The role of divalent cations in structure and function of murine adenosine deaminase

Abstract

For murine adenosine deaminase, we have determined that a single zinc or cobalt cofactor bound in a high affinity site is required for catalytic function while metal ions bound at an additional site(s) inhibit the enzyme. A catalytically inactive apoenzyme of murine adenosine deaminase was produced by dialysis in the presence of specific zinc chelators in an acidic buffer.
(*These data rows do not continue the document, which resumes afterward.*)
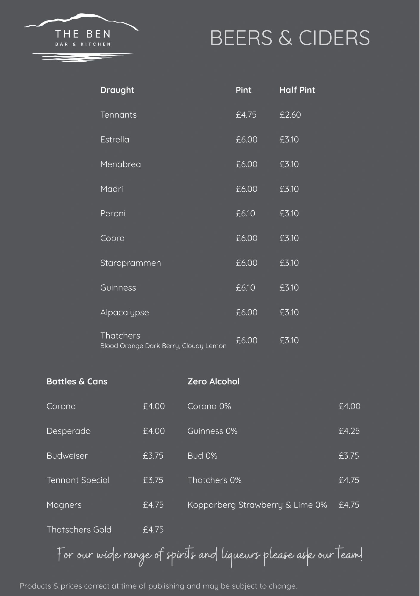 Drinks menu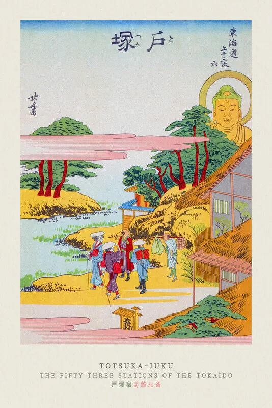 Samolepka Special Edition Totsuka-juku / Japanese Golden Buddha (Pink & Green Japandi) - Katsushika Hokusai
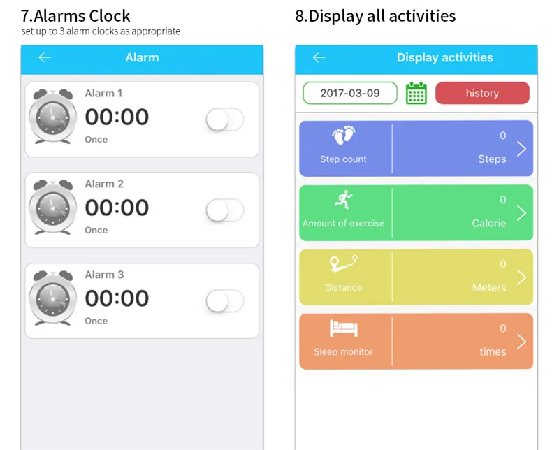 6, pedometer, time and date, alarm clock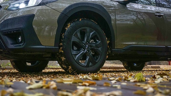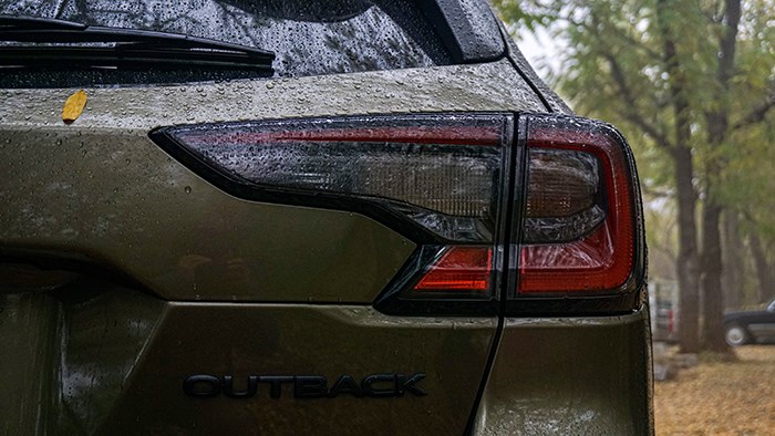 傲虎探享版的車身側(cè)面線條和車身尺寸與其他版相同,只有高度較其他兩款車低5毫米,在車門下方有熒光綠色“OUTBACK”標(biāo)示。另外體型巨大的黑色車頂行李架、黑色反光鏡以及黑色涂裝18英寸鋁合金輪轂,這些都是獨(dú)有配置。

This represents the first production of the apoenzyme and demonstrates a rigorous method for removing the occult cofactor. Restoration to the holoenzyme is achieved with stoichiometric amounts of either Zn^2+^ or Co^2+^ yielding at least 95% of initial activity. Far UV CD and fluorescence spectra are the same for both the apo‐ and holoenzyme, providing evidence that removal of the cofactor does not alter secondary or tertiary structure. The substrate binding site remains functional as determined by similar quenching measured by tryptophan fluorescence of apo‐ or holoenzyme upon mixing with the transition state analog, deoxycoformycin. Excess levels of adenosine or N^6^‐methyladenosine incubated with the apoenzyme prior to the addition of metal prevent restoration, suggesting that the cofactor adds through the substrate binding cleft. The cations Ca^2+^, Cd^2+^ Cr^2+^, Cu^+^, Cu^2+^, Mn^2+^, Fe^2+^, Fe^3+^, Pb^2+^, or Mg^2+^ did not restore adenosine deaminase activity to the apoenzyme. Mn^2+^, Cu^2+^, and Zn^2+^ were found to be competitive inhibitors of the holoenzyme with respect to substrate and Cd^2+^ and Co^2+^ were noncompetitive inhibitors. Weak inhibition (K~i~ ≥ 1000 μM) was noted for Ca^2+^, Fe^2+^, and Fe^3+^.